Hello all. I just want to say how relieving it is to have read some of your stories. Knowing there are people close to my age that suffer from the same disorder and daily things I have to deal with really is comforting. It shows I am not alone in this. I am a 23 year old female dealing with IBS.
First I was diagnosed with lactose intolerance in my second year of college. I was experiencing heavy stomach issues such as gas and diarrhea. Loose stool that lasted for about a month. I was worried so I went to the doctor and she suggested I eliminate dairy from my diet for about a month. So I did and I notice a big difference within about 2 weeks of no dairy. I then introduced it back into my diet and that’s when I knew I was definitely intolerant. Unfortunately I am very intolerant, to the point where even lactose pills won’t do anything for me. So I have chose to eliminate dairy out of my diet completely.
After that was resolved I thought it would be over and controlled but then in my last year of college is when the stress really began. I started experiencing “attacks” where I would literally have to go to a bathroom within the next 5 to 10 minutes or I would be soiling my pants. It was quite unfortunate and scary to say the least. After experiencing similar symptoms to lactose without having any dairy I got concerned. It was then I was diagnosed with IBS. For the first couple of months I had no control over it. It seemed to have a mind of its own but I noticed it popped up when my nerves were out of whack. Even if they were good nerves. It was hard to deal with, I never told anyone about it because I always hated discussing such private matters. Except with my siblings and best friend because, well, you can joke around like that lol.
It’s been about 2 years I have been dealing with this and I have found ways to adjust. I take Imodium extra strength which I found really helps with gas and diarrhea. Although you aren’t suppose to take it too often as it can leave you constipated, but I have quite the opposite problem so I’m usually okay. It’s sad that I actual calm down after knowing I took a pill. Knowing that I have help to control a sudden attack. Living that way isn’t fun. I stopped eating as much and go as far as to not eat breakfast until I know I will be by a bathroom. Food has become less and less appealing because I know it can go straight through me. But this leads me to my story which hopefully can help someone.
This has happened to me twice. I was in a situation where I had no bathroom access for a long period of time. I got nervous. Just knowing I won’t be near one usually triggers it. So you can guess that it started to flare up and I knew I would need to go to the bathroom very soon. That sent my body into a panic attack. The shakes, the teary eyes the worry of embarrassing myself in public. The first time this happened is when it started. I would talk to myself. No joke I was in my car alone and I was talking to myself. I told myself “don’t worry. Don’t panic, it’s going to be okay. You will find a bathroom very soon and it will all be over. Come on stomach I know you can hold on just a little bit longer for me. I will stay in the bathroom as long as you want if you can just side with me here. ” yeah. I thought I was crazy but at this point I was willing to try anything to calm myself down so I didn’t soil my pants. I started to do this a couple of times when I got to that point. And you know what? It started to work. It at least helps me delay it. I even started to accept the fact that hey, if one day I do end up crapping my pants in public then that’s okay. S*it happens. Literally. And I will be super embarrassed but I will get over it. I know that I deal with a lot and if they knew too then they wouldn’t be disgusted or weirded out. It was when I started to accept this condition that I found I could control it more. Deal with it even. It helps to find a partner who accepts you for who you are and understand what you are going through is difficult and uncomfortable. I find if you show that you don’t care what people think, you deal with what you have to because you can’t change it then they seem to back off a little more. To leave you alone and not question why you are taking 15 minutes in the bathroom.

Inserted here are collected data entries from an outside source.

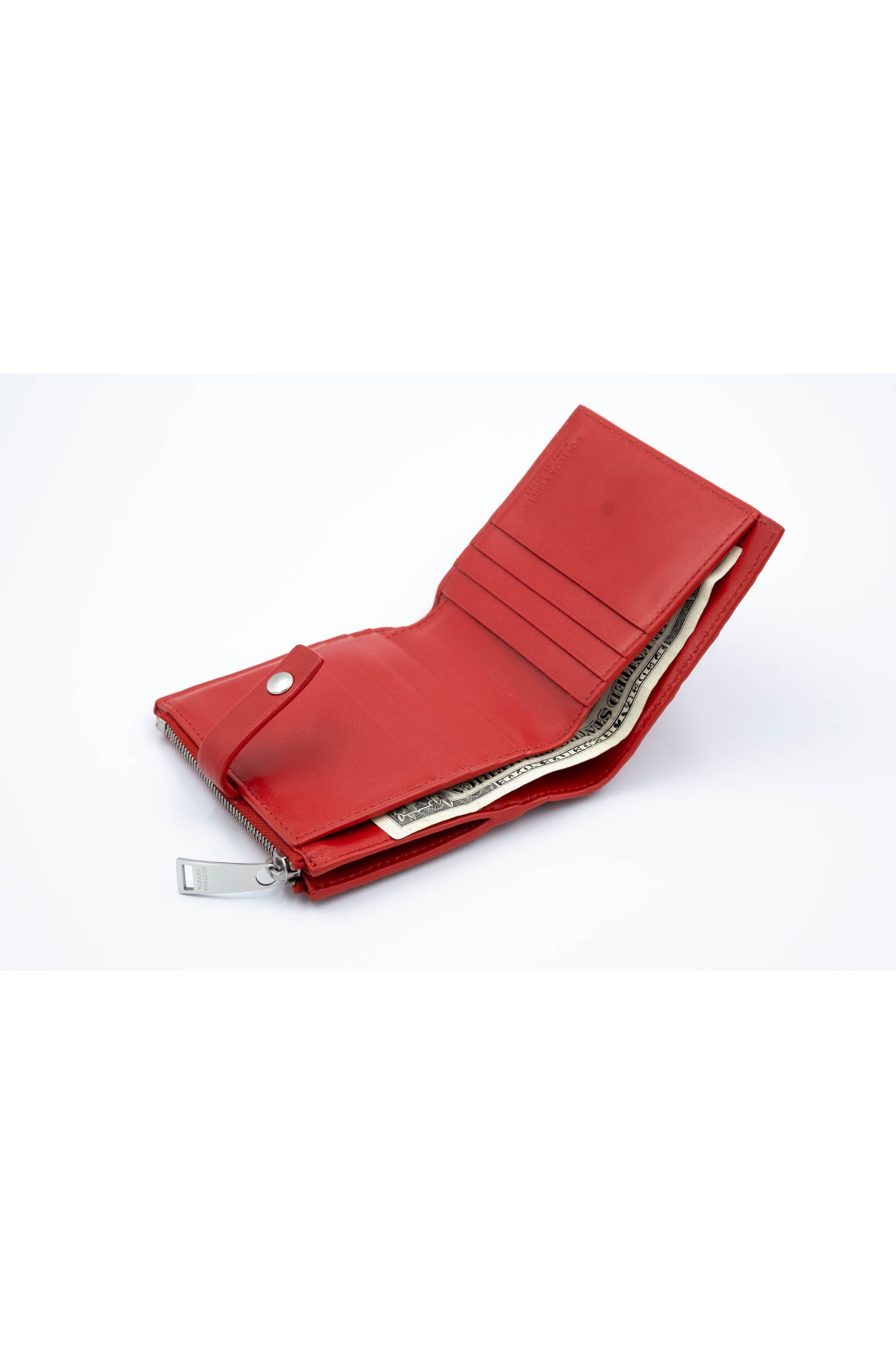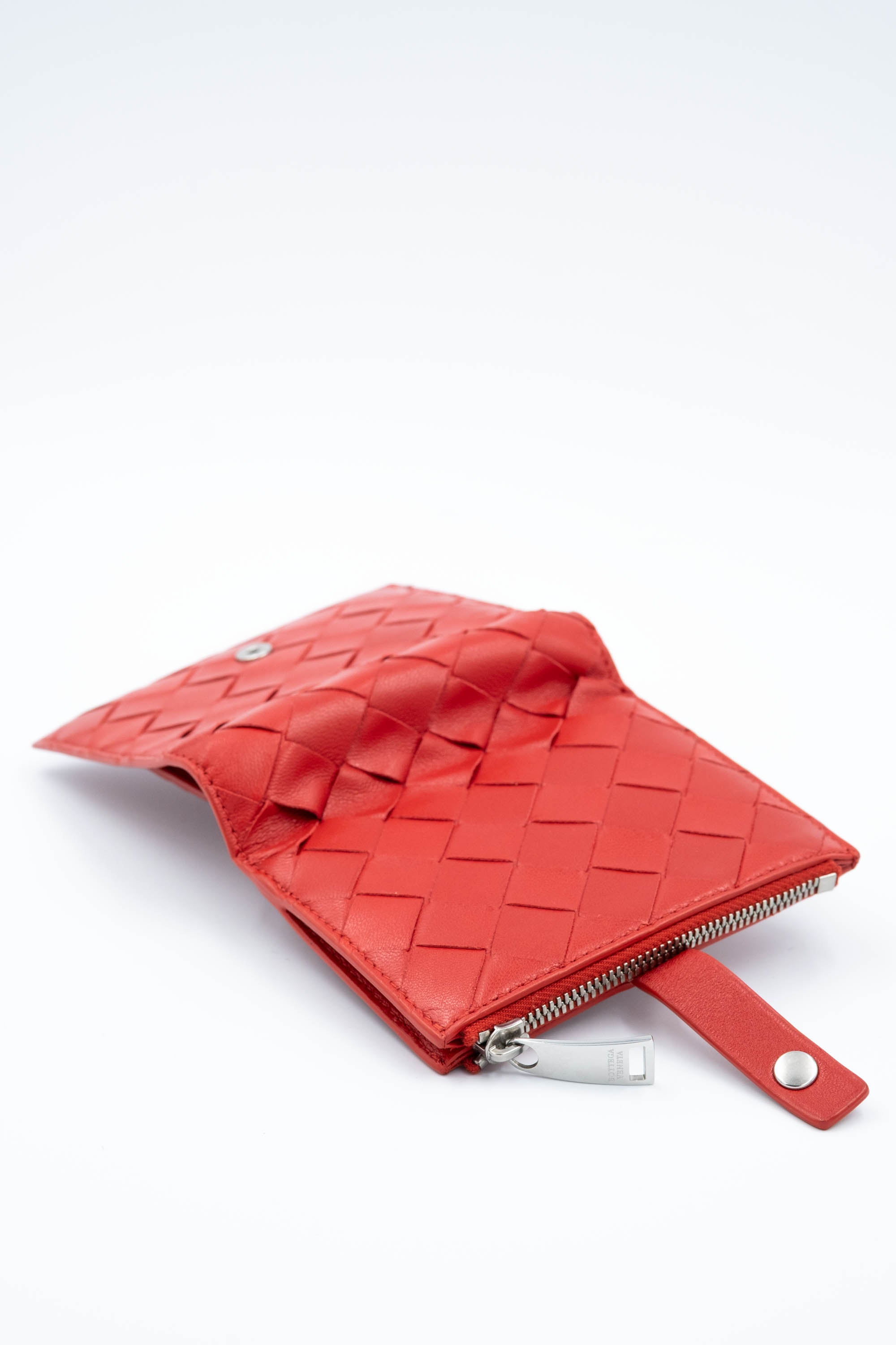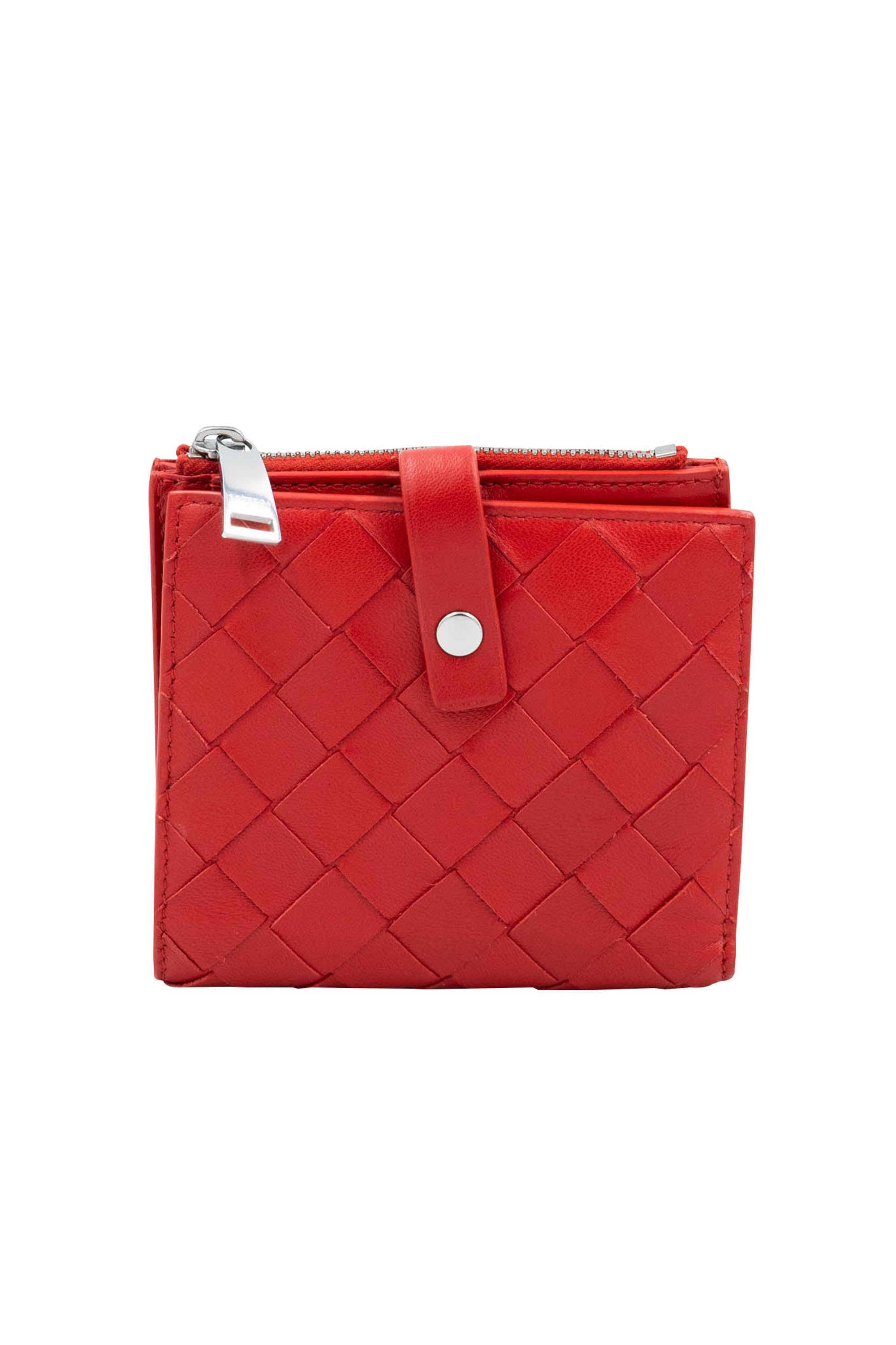 Bottega Veneta Red Square Med Weave Intrecciato Wallet Size Small. Woven intrecciato leather in a bold red. Silver tone snap closure with compact interior layout. Bill fold style.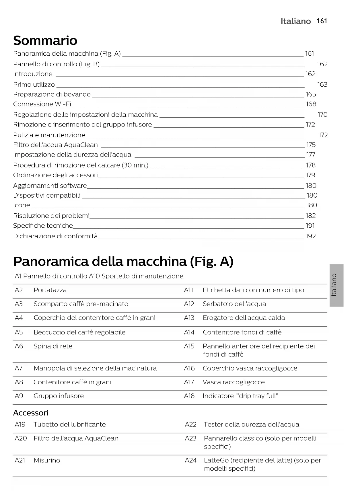 Italiano Italiano Sommario Panoramica della macchina (Fig. A) _________________________________________________________________ 161 Pannello di controllo (Fig. B) _________________________________________________________________________ 162 Introduzione _________________________________________________________________________________________ 162 Primo utilizzo _________________________________________________________________________________________ 163 Preparazione di bevande ____________________________________________________________________________ 165 Connessione Wi-Fi ___________________________________________________________________________________ 168 Regolazione delle impostazioni della macchina ____________________________________________________ 170 Rimozione e inserimento del gruppo infusore ______________________________________________________ 172 Pulizia e manutenzione ______________________________________________________________________________ 172 Filtro dell'acqua AquaClean _________________________________________________________________________ 175 Impostazione della durezza dell'acqua _____________________________________________________________ 177 Procedura di rimozione del calcare (30 min.)________________________________________________________ 178 Ordinazione degli accessori__________________________________________________________________________ 179 Aggiornamenti software______________________________________________________________________________ 180 Dispositivi compatibili ________________________________________________________________________________ 180 Icone __________________________________________________________________________________________________ 180 Risoluzione dei problemi_____________________________________________________________________________ 182 Specifiche tecniche___________________________________________________________________________________ 191 Dichiarazione di conformità__________________________________________________________________________ 192 Panoramica della macchina (Fig. A) A1 Pannello di controllo A10 Sportello di manutenzione A2 Portatazza A11 Etichetta dati con numero di tipo A3 Scomparto caffè pre-macinato A12 Serbatoio dell'acqua A4 Coperchio del contenitore caffè in grani A13 Erogatore dell'acqua calda A5 Beccuccio del caffè regolabile A14 Contenitore fondi di caffè A6 Spina di rete A15 Pannello anteriore del recipiente dei fondi di caffè A7 Manopola di selezione della macinatura A16 Coperchio vasca raccogligocce A8 Contenitore caffè in grani A17 Vasca raccogligocce A9 Gruppo infusore A18 Indicatore "'drip tray full" Accessori A19 Tubetto del lubrificante A22 Tester della durezza dell'acqua A20 Filtro dell'acqua AquaClean A23 Pannarello classico (solo per modelli specifici) A21 Misurino A24 LatteGo (recipiente del latte) (solo per modelli specifici)162 Italiano Pannello di controllo (Fig. B) Fate riferimento alla figura B per una panoramica di tutti i pulsanti e le icone. Di seguito sono riportate le descrizioni. Alcuni dei pulsanti e delle icone sono unicamente per modelli specifici. B1 Pulsante on/off B7 Icone della manutenzione B2 Icone delle bevande* B8 Spia di avvio B3 Icona dell'intensità dell'aroma/del caffè pre- macinato B9 Pulsante di avvio/arresto B4 Icona della quantità di bevanda B10 Icona di Calc/Clean B5 Icona della quantità di latte (solo per modelli specifici) B11 Icona AquaClean B6 Icona della temperatura del caffè (solo per modelli specifici)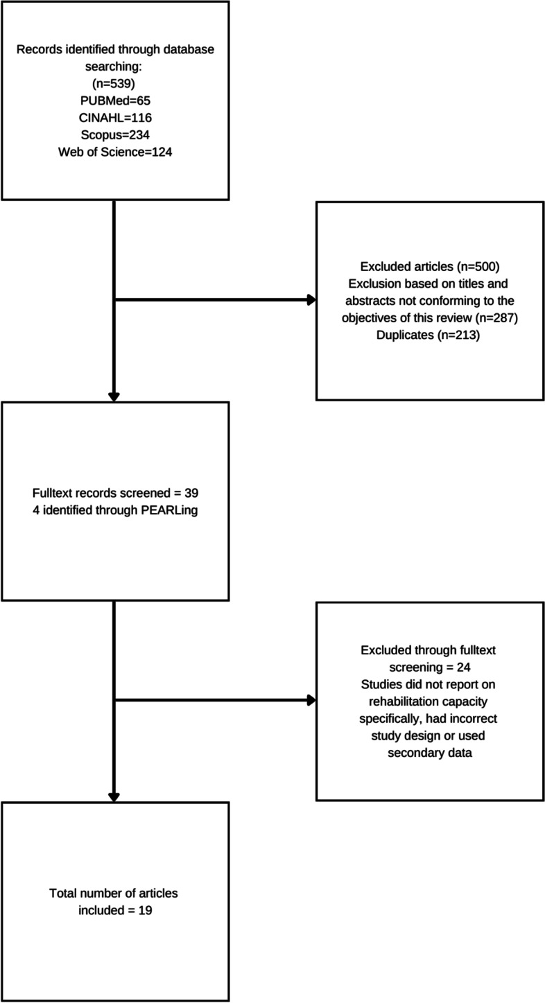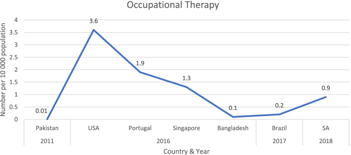 Results: Nineteen studies on rehabilitation workforce capacity were identified. All but one (a cross-sectional study) were database reviews. The main descriptors and indicators used to describe the rehabilitation workforce capacity were profession type, age, gender, distributions between urban/rural, level of care, and private/public sectors, absolute count totals, and population-adjusted ratios.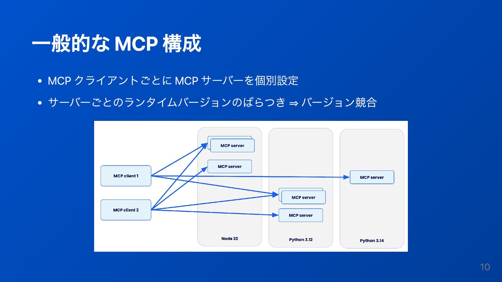 10 一般的な MCP 構成 MCP クライアントごとに MCP サーバーを個別設定 サーバーごとのランタイムバージョンのばらつき ⇒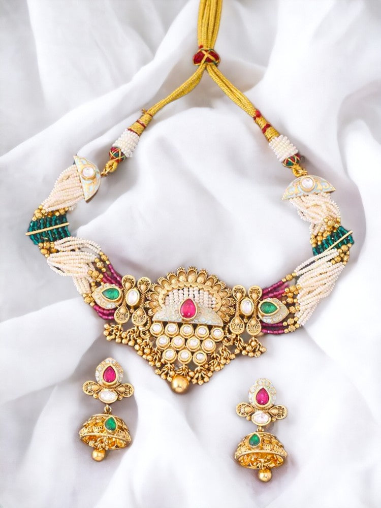 This necklace is the ultimate accessory option for the festive season. This set has a gorgeous circular floral pattern. The necklace has vibrant pearl detailing all over. The set also has a bright element of Kundan detailing in its structure. So, don't miss out on this gorgeous necklace set this eventful season as you have ramps to walk ahead.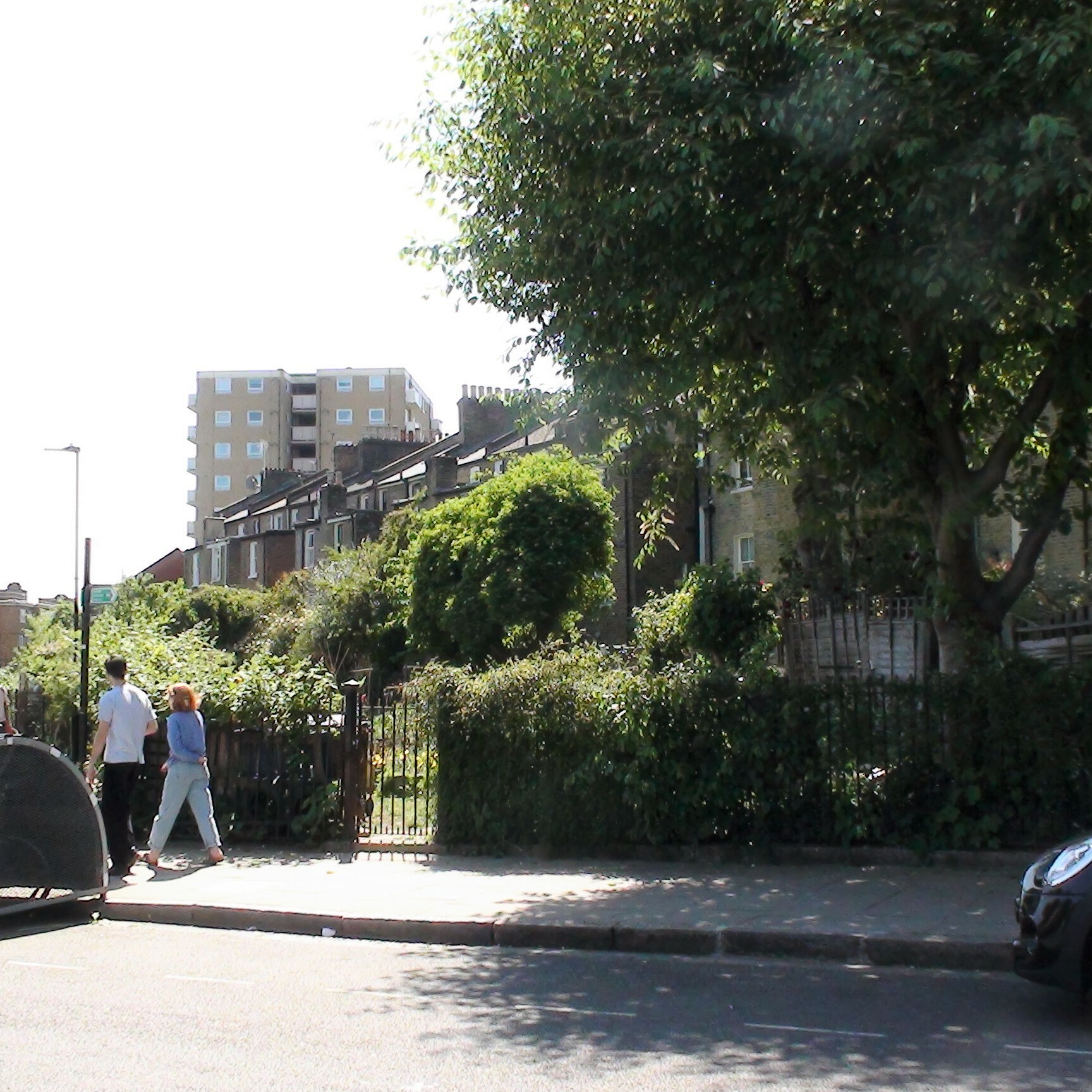 The river has been replaced with allotments. The plaque is lost in the foliage but believe us, it is attached to the railings, between the gate and the tree.
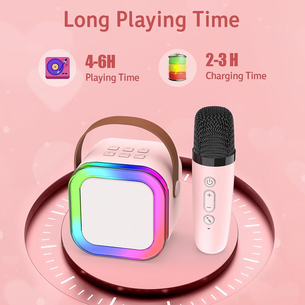 ♬ 【Multi-function Kids Karaoke Machine for Girls】Mini karaoke machine have colorful LED lights. The LED lights on the outside of the stereo dance to the rhythm of the music, creating a fun and enjoyable atmosphere. The Bluetooth karaoke machine for kids is perfect for singing, family karaoke, and small enough to take with you when travelling and on family camping trips.
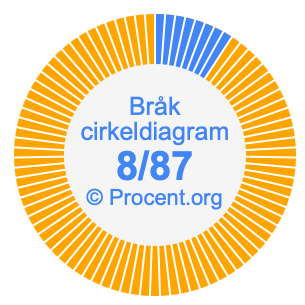 Dessutom kommer vi också att illustrera bråket 8/87 i ett cirkeldiagram och 8/87 som procent i ett cirkeldiagram.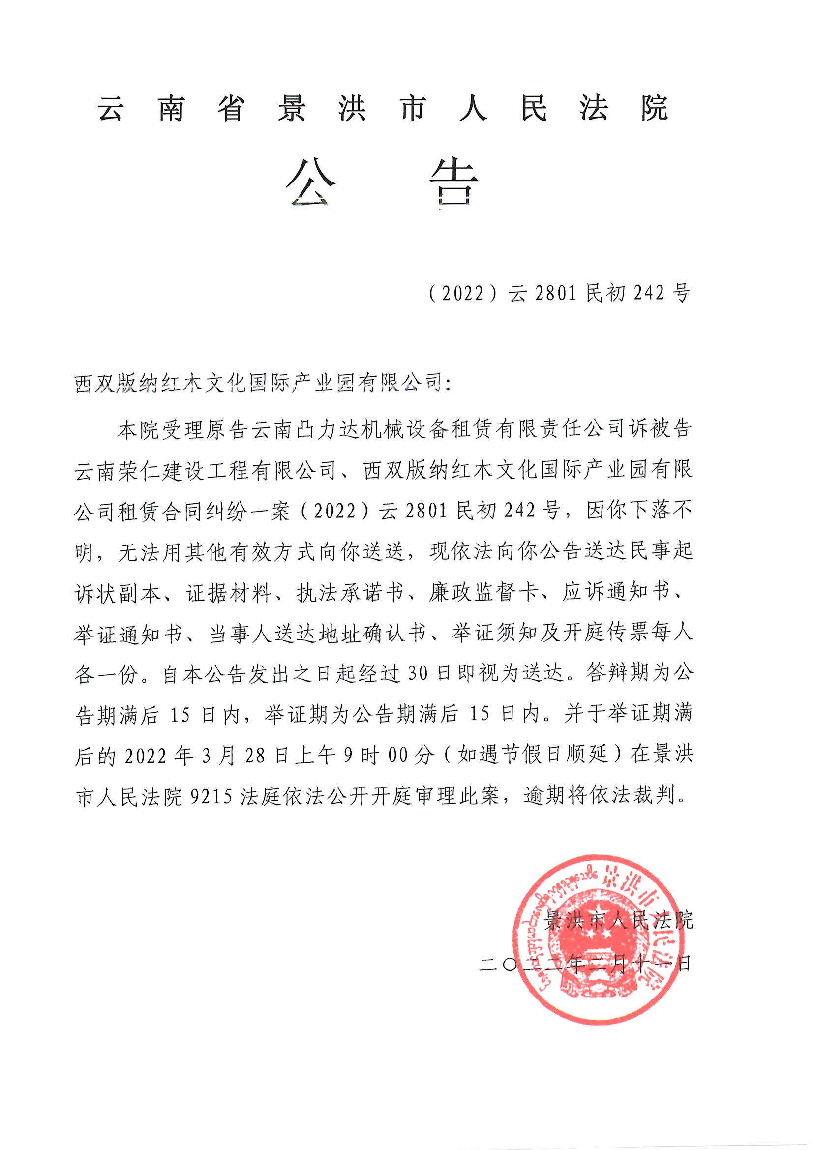 西双版纳红土文化国际产业园有限公司(开庭公告)

This is just how I have dealt with it. I still have bad days, I still cry while sitting on a toilet feeling like I’m getting stabbed in the gut, but I’m happy. I know what I have and I deal with it. I find every way possible to not let it control me. I hope my story can help someone or make you laugh. It’s okay if I sound a bit crazy too, because who isn’t really :P. Thanks so much for all of you brave souls sharing your stories! This forum has really helped.